*** Opening of DATA RECORDS ***

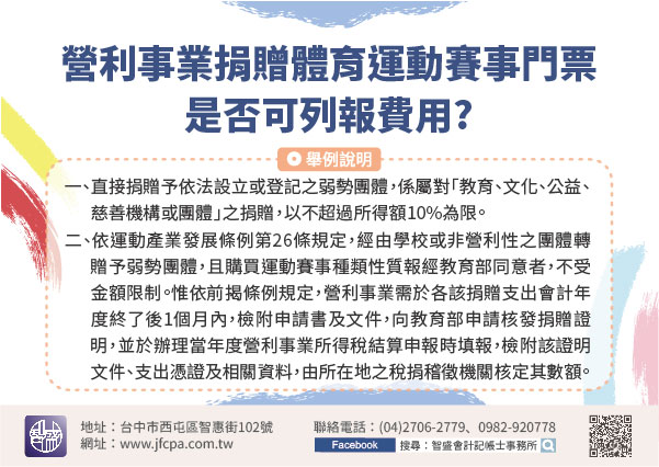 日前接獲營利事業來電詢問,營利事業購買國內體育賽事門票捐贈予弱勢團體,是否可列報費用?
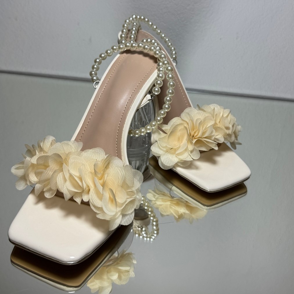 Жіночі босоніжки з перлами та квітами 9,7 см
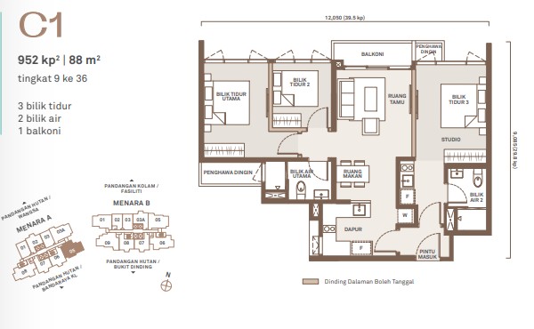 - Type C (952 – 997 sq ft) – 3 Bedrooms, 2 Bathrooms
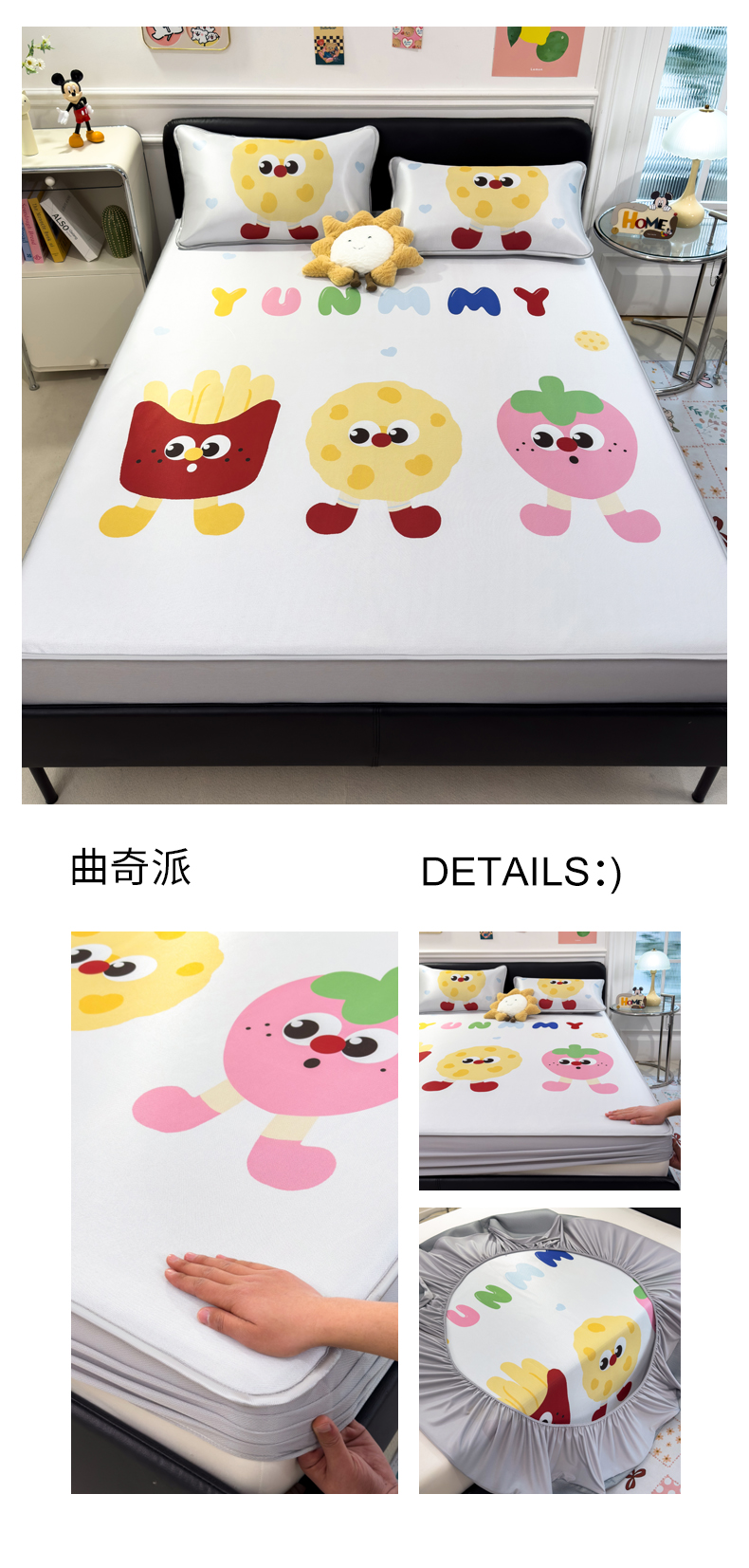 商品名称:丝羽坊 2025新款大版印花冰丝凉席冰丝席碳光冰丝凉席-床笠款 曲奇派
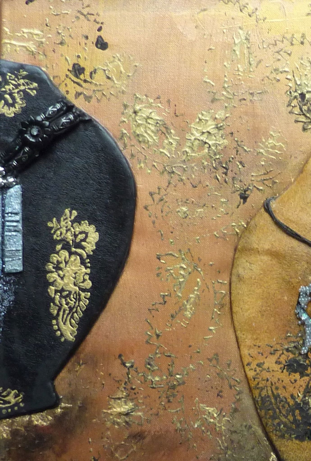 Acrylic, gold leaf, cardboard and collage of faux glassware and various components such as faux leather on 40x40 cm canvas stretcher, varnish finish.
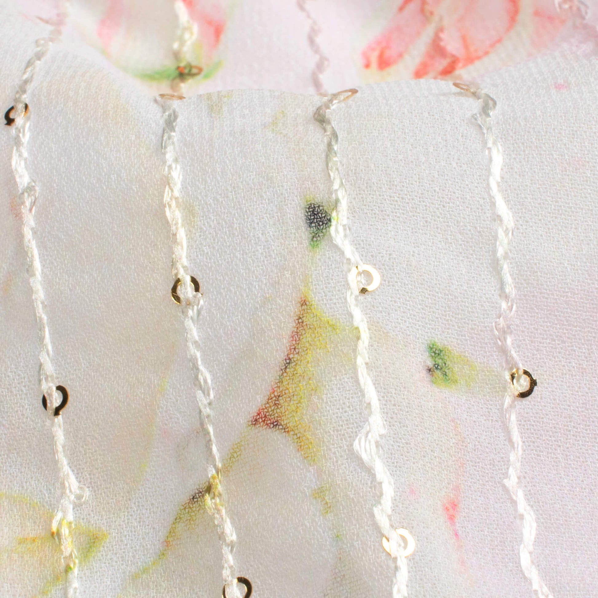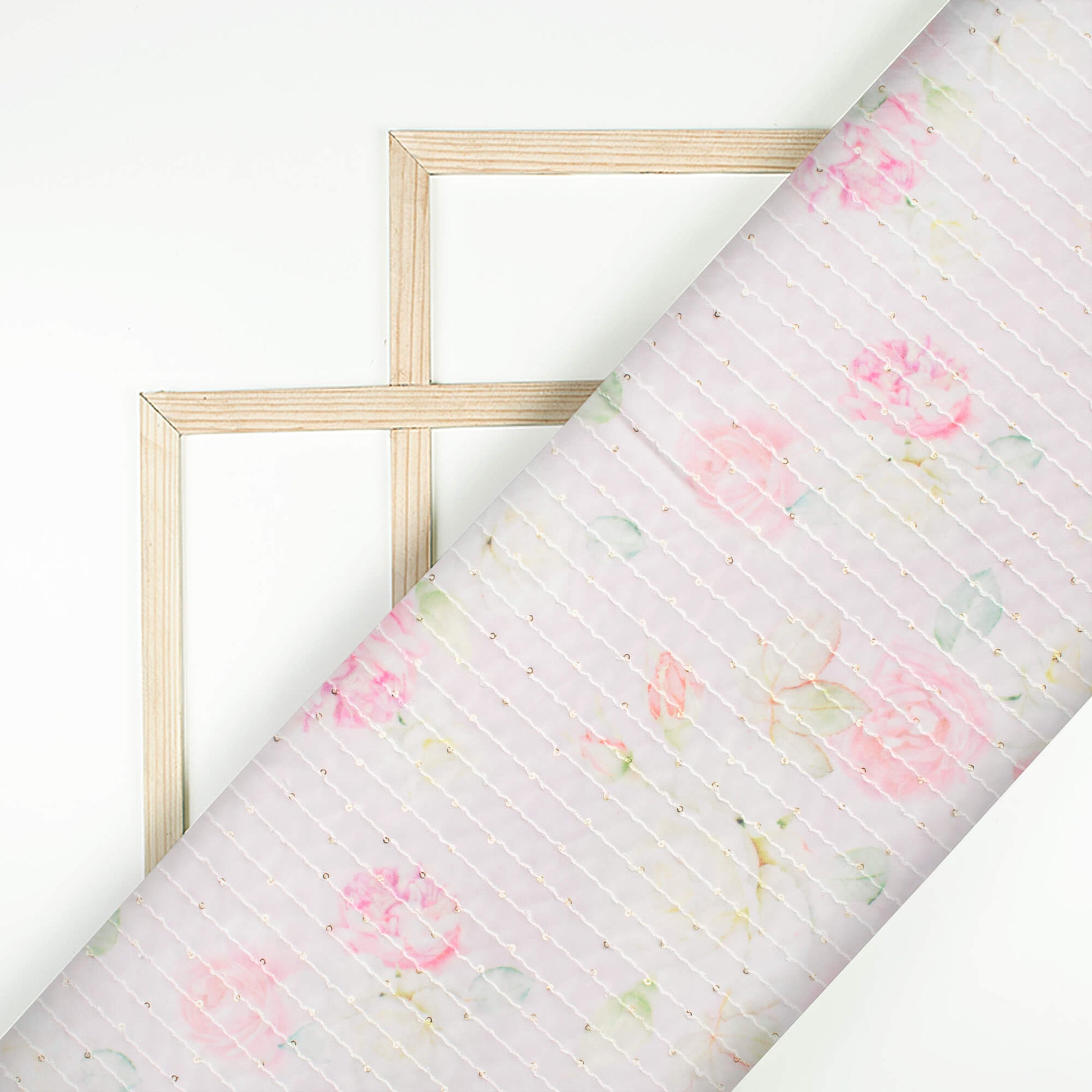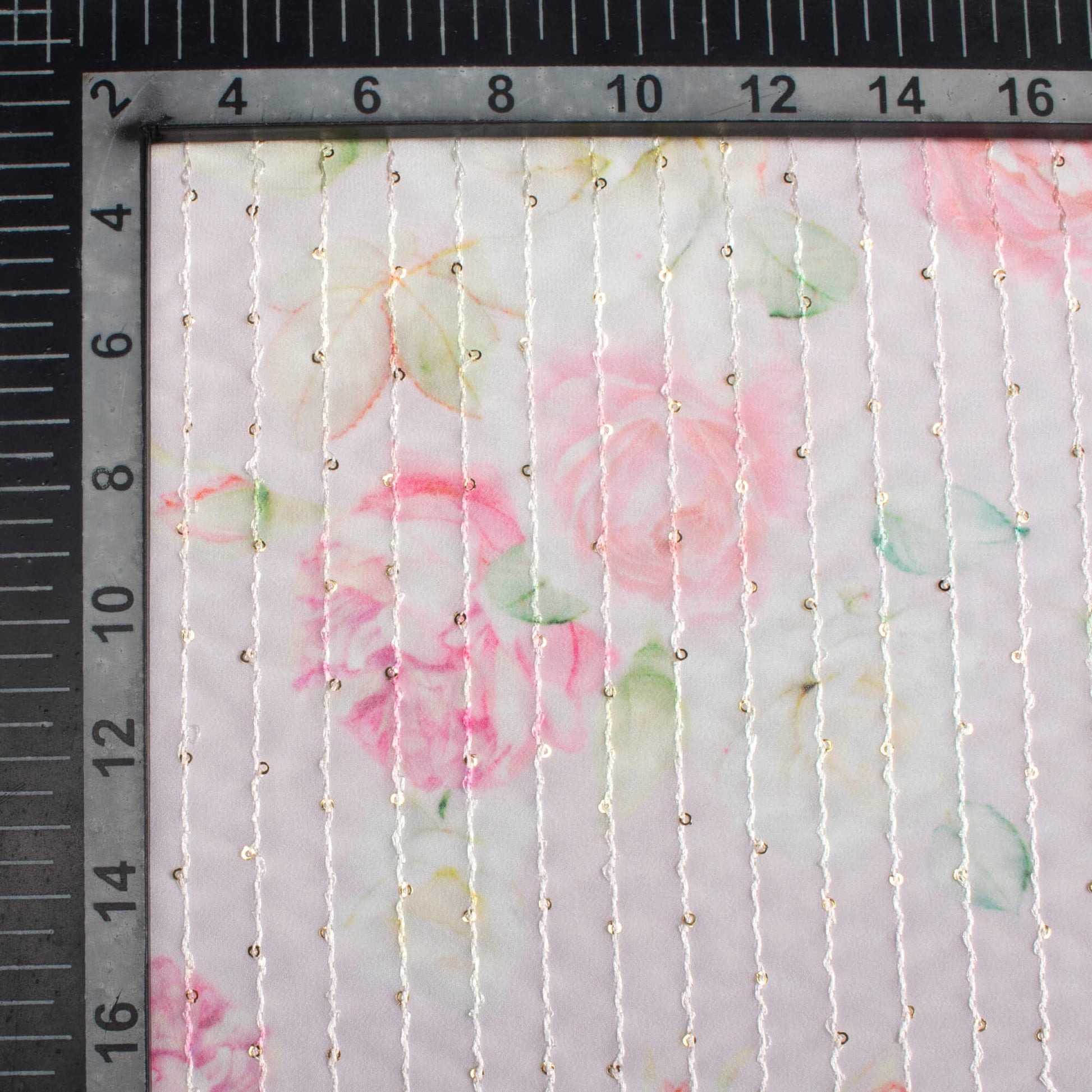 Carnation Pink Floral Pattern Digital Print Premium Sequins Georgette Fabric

*** Close of DATA RECORDS ***

What is needed is a word-for-word copy of the lines from the start of the data to the line with "Acrylic, gold leaf, cardboard", inclusive, with no pictures in it.

**FINISHED EXERCISE:**
 日前接獲營利事業來電詢問,營利事業購買國內體育賽事門票捐贈予弱勢團體,是否可列報費用?
 Жіночі босоніжки з перлами та квітами 9,7 см
 - Type C (952 – 997 sq ft) – 3 Bedrooms, 2 Bathrooms
 商品名称:丝羽坊 2025新款大版印花冰丝凉席冰丝席碳光冰丝凉席-床笠款 曲奇派
 Acrylic, gold leaf, cardboard and collage of faux glassware and various components such as faux leather on 40x40 cm canvas stretcher, varnish finish.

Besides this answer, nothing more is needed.